7 ноября Е. Б. и Алена Пастернаки, в день именин Алены, собрали людей — человек тридцать — слушать Галича. <…> Левизна кипела и плескалась в большой комнате. Все сидели как бы на чемоданах, готовые сняться в любой момент. Думаю, там не было ни одного остающегося <…> В перерыве Галич жаловался, что та речь, на которой он строил ранние свои песни, исчезла будто бы из курилок и пивных — и там теперь тоже говорят на стертом газетном языке, который трудно ввести в песню (N потом — как и NN — сильно сомневался в этом: “Это он просто исчерпал ресурсы этой речи”).
Галич ожидает разрешения к январю — хотя и не уверен. “Хочу ехать в Норвегию. Я там был в командировке — и писал. Меня туда зовут, и мне нравится эта страна, народ… Хочу скорее оказаться в номере гостиницы, смотреть на чужую реку, которая ни о чем не напоминает”.
10 ноября. …Ненавижу звук и запах машин, не могу без содроганья вспомнить скрежет и звяк старых трамваев, но люблю, все еще люблю страшный гул пролетающего самолета — иллюзия свободного полета — к морю, к покою, к работе.
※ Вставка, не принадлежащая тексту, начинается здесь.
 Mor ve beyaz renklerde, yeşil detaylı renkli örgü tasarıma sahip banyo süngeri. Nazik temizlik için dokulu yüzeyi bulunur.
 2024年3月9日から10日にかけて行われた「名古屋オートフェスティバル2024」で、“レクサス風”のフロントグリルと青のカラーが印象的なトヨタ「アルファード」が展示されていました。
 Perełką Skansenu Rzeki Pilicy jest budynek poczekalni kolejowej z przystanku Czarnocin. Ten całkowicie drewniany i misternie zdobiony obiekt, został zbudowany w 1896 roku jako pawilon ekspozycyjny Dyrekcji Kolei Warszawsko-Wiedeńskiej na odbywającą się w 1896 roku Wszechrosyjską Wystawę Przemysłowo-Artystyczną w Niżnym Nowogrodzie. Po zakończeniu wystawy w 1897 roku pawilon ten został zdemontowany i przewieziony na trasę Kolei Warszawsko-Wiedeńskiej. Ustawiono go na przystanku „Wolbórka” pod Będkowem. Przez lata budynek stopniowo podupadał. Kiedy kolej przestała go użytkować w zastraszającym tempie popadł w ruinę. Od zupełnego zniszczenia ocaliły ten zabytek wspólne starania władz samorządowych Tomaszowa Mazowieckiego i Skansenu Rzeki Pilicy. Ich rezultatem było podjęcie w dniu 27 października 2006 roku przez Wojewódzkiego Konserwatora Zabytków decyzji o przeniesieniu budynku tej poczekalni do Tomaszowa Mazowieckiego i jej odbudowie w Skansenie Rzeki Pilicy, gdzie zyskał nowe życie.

12 ноября. Макогоненко будто бы спас Жирмунского, когда во время войны арестовали Нейгауза и других — немцев и тех, кто занимается Германией. Он будто бы дежурил, и у него в списке на столе первым был телефон дежурного по НКВД — для звонков в экстренных случаях. Он позвонил и сказал, что арестован специалист, необходимый для экстренных нужд пропаганды. Сказали, что проверят; позвонили снова и сказали, что выпускают. Тут же его отправили в Ташкент — уже в дистрофии, и Иванов видел его в очереди за одним пирожком, полагавшимся по академическому пайку.
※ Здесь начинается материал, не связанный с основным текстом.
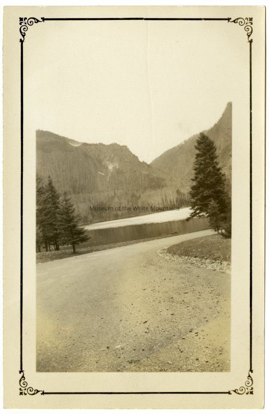 Photograph of a dirt road running alongside Lake Gloriette with a decorated frame around the image.

…В столовой научных залов в Ленинке стоя, как лошади в стойлах, жуют “читатели” эту еду, не имеющую ни вкуса, ни запаха пищи, — продукт, старательно превращенный в субпродукт. У людей, которых так кормят, и мозг превращается в субпродукт, и сами они становятся — субпродукт.
13 ноября. По телефону со Шкловским.
— Во-первых, здравствуйте.
Надо найти большую статью Юрия о пародии. Он не согласился с гонораром. Рукопись потеряна.
[Его память оказалась точной. В июле 1974 года рукопись неизвестной статьи Тынянова была найдена.]
Разговоры
— И что интересно — сожрбала его их замзав отделом пропаганды обкома. Всё! Уезжает из Ленинграда в Ярославль.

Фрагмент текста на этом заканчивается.